Thomas van Vugt Thomas van Vugt 25 februari 2014 3 min

Een vastgoedhandelaar kocht een bedrijfspand, maar neemt het pand daarna niet af. De vastgoedhandelaar werd door de rechter veroordeeld tot betaling van een bedrag van meer dan een miljoen euro maar ging in hoger beroep. In de tussentijd weigerde de notaris de gestelde bankgarantie uit te betalen aan de verkoper. Mocht hij weigeren?  Incasso advocaat Thomas van Vugt legt het arrest uit.

Bankgarantie als zekerheid

In de koopovereenkomst stond dat de notaris verplicht was de betaalde waarborgsom onder zich te houden totdat er op grond van een onherroepelijk vonnis (een vonnis waarvan de beroepstermijn is verlopen) vast zou staan, aan wie de waarborgsom toe zou komen. Een bankgarantie zou tot die tijd moeten worden verlengd, bij gebreke waarvan de notaris verplicht was de bankgarantie te innen. De koper had een bankgarantie gesteld voor ongeveer € 900.000,–. Dat is een soort zekerheid voor betaling die de koper bij een bank kan regelen. De verkoper kan die bankgarantie meestal inroepen op het moment dat blijkt dat de koper niet (op tijd) betaalt. De koper nam het pand niet af en betaalde ook de koopprijs niet. De koper werd veroordeeld door de rechter tot betaling van meer dan een miljoen euro maar ging daartegen in beroep. De verkoper eiste vervolgens in een kort geding dat de notaris de bankgarantie zou inroepen en aan hem moest uitbetalen.
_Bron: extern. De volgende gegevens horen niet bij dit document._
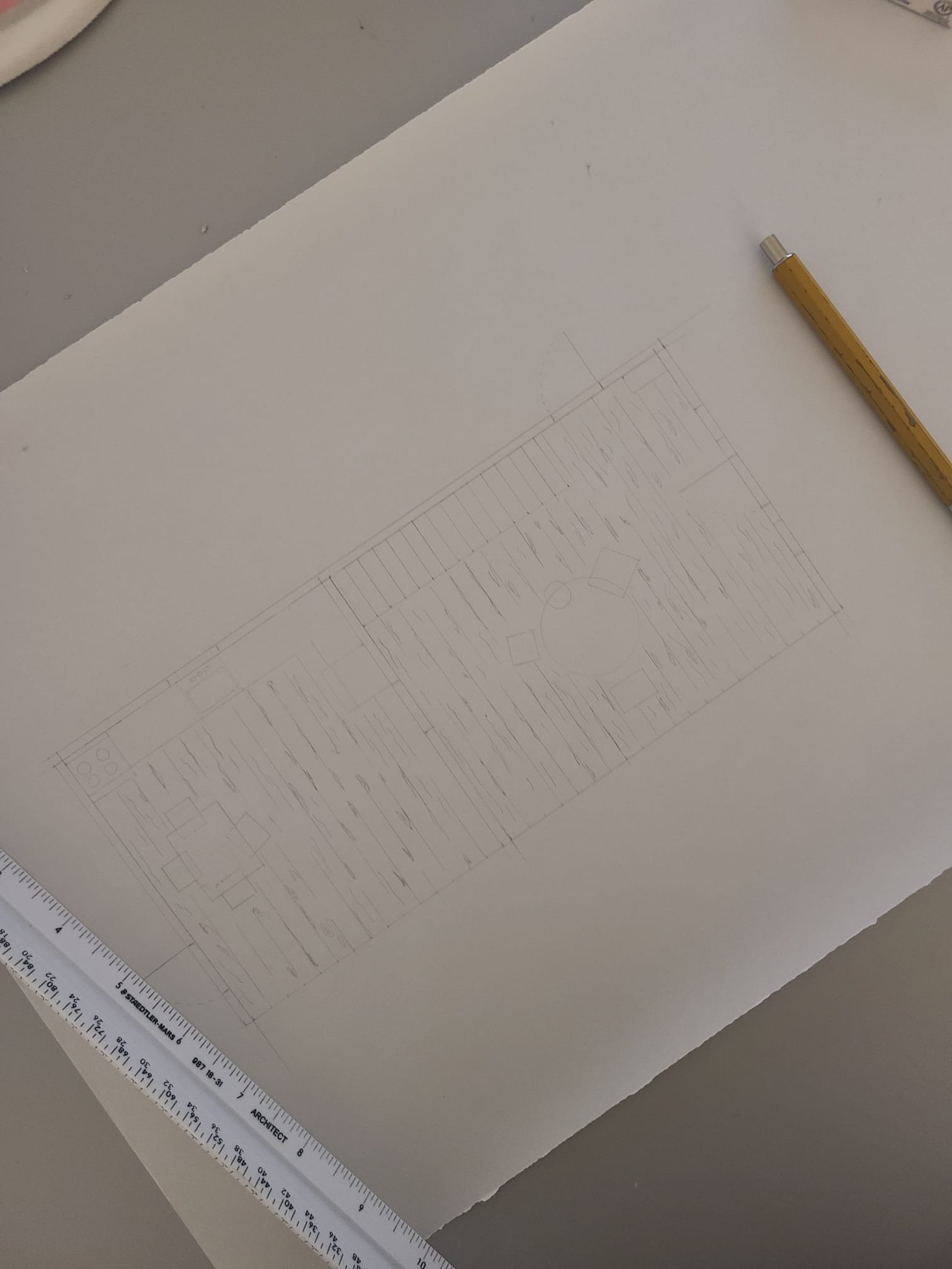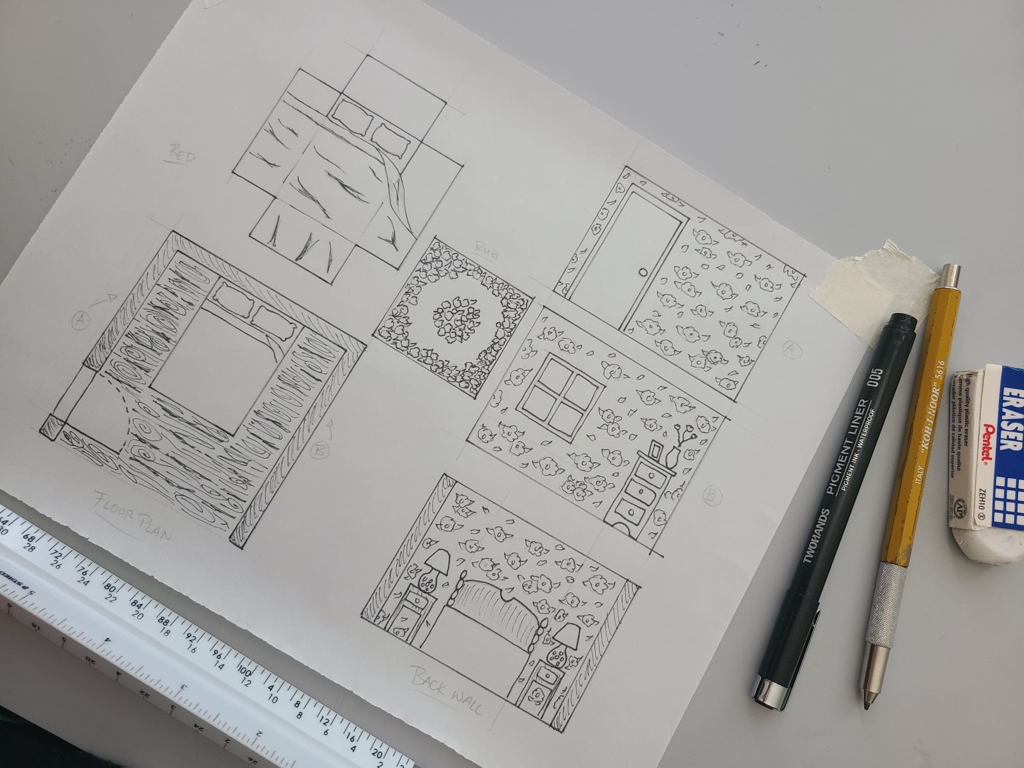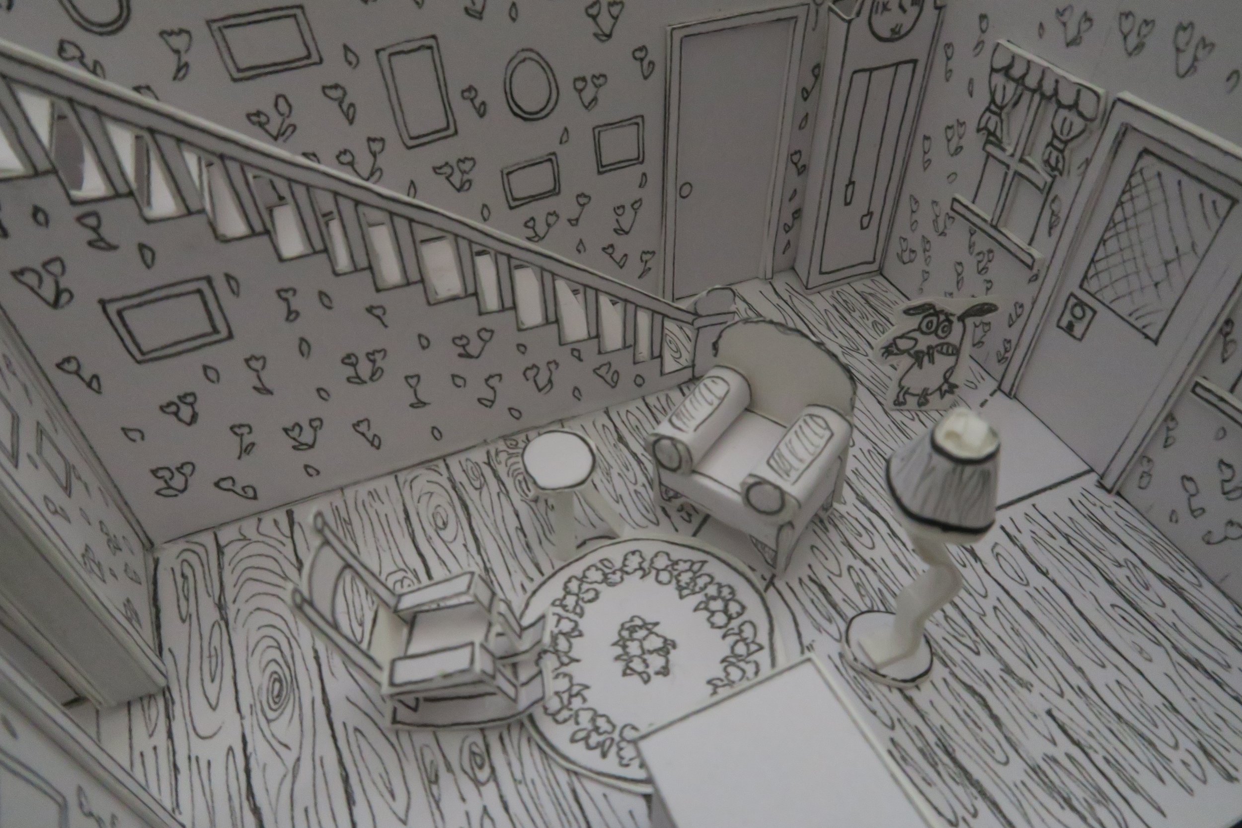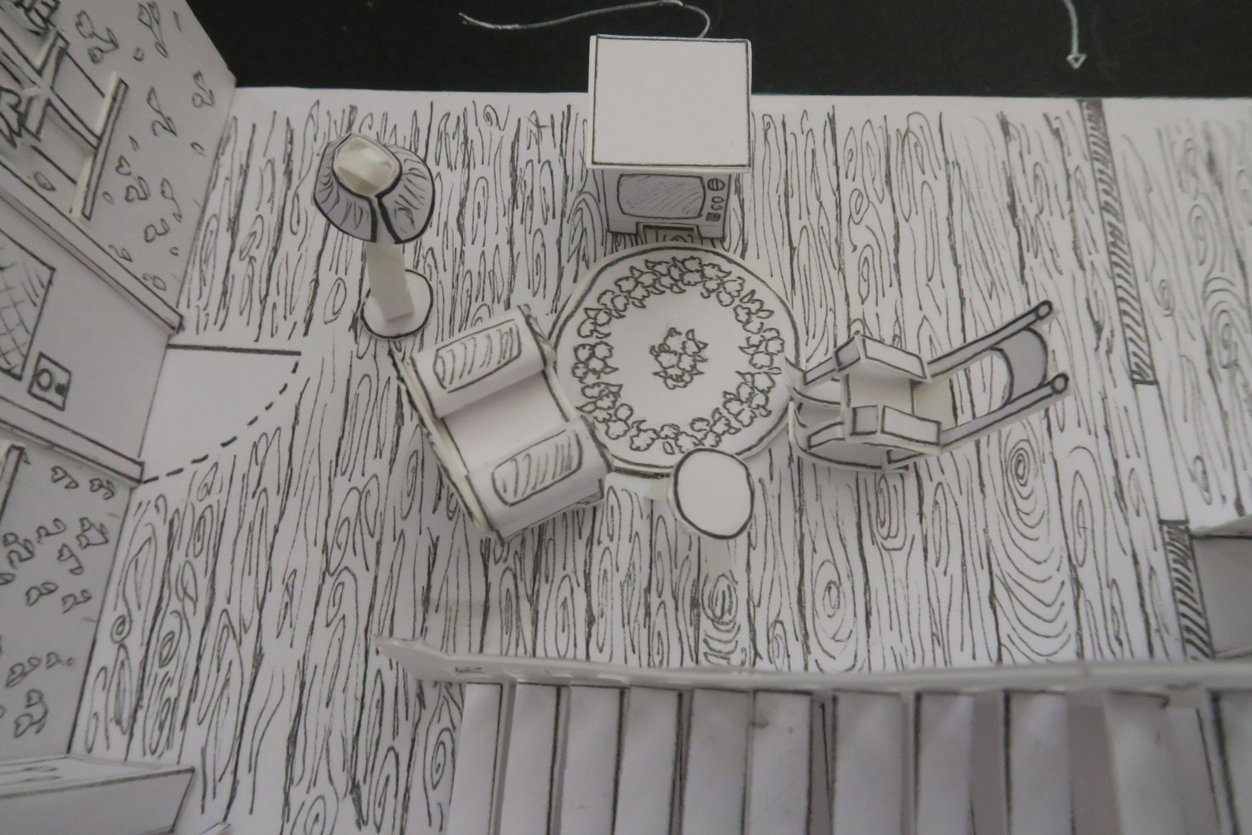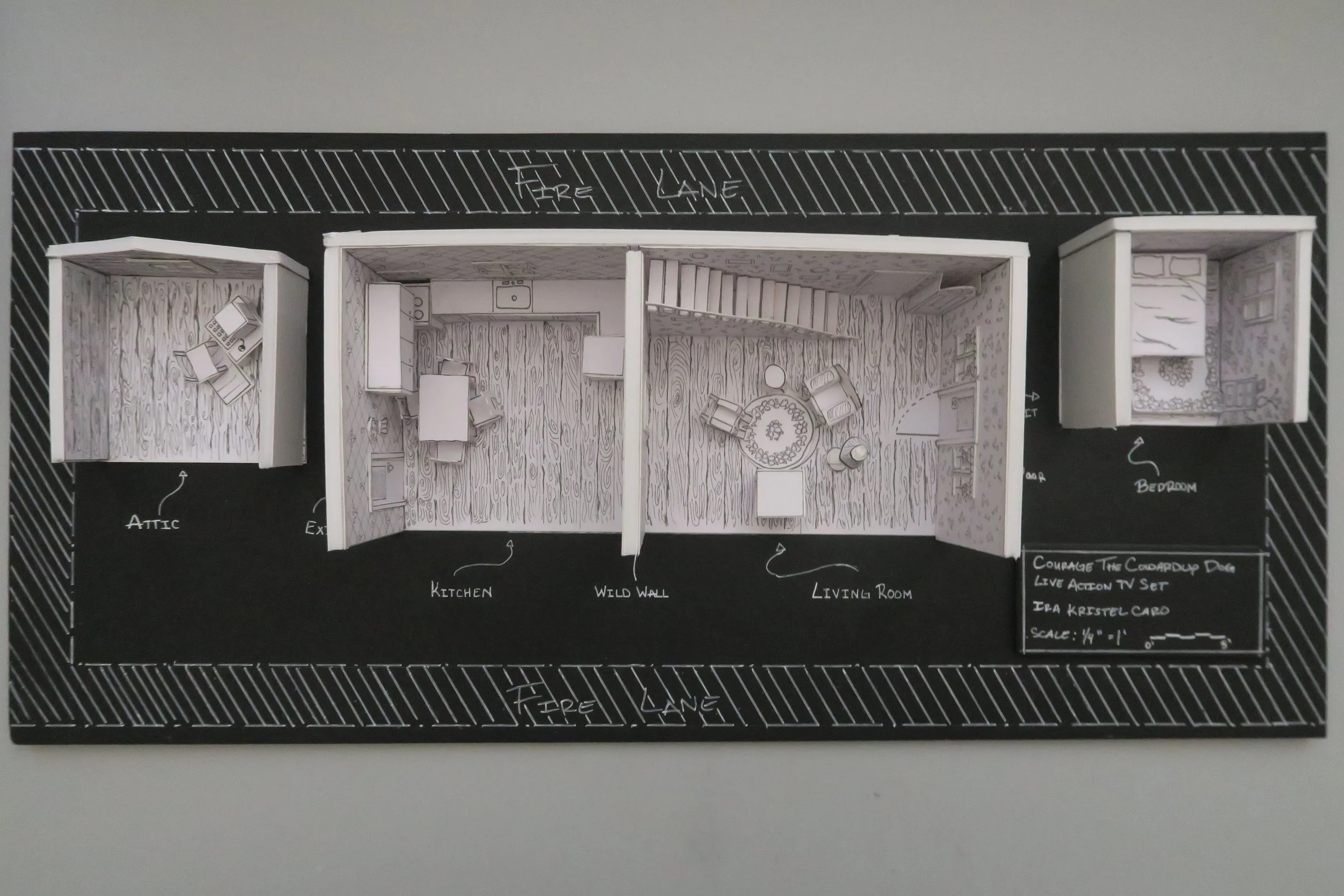 I am the concept designer, draftsman, and model maker for this project. I conceptualized the idea of making the cartoon, Courage the Cowardly Dog, into a live action television set.

Kort geding geeft voorlopige beslissing

Het kort geding is een geheel zelfstandige procedure, gericht op het verkrijgen van een voorlopige beslissing vooruitlopend op een eventuele bodemprocedure. De rechter die recht spreekt in kort geding heet voorzieningenrechter. De voorzieningenrechter geeft geen definitief oordeel over het geschil. Zijn beslissing is slechts voorlopig: de bodemrechter maakt zijn eigen afweging en kan tot een ander oordeel komen. Soms kan het zo zijn dat een toegewezen geldvordering in kort geding, weer moet worden terugbetaald na het oordeel van een bodemrechter. Als er in een kort geding geld wordt gevorderd, toetst de voorzieningenrechter dan ook altijd of er sprake is van een ‘restitutierisico’. Daarvan is sprake als de eiser van de geldvordering in geldnood zit en mogelijk na een definitief oordeel van bodemrechter het geld – na toewijzing door de voorzieningenrechter – niet meer kan terugbetalen. In de regel wijst de voorzieningenrechter daarom een geldvordering af, als er een restitutierisico bestaat.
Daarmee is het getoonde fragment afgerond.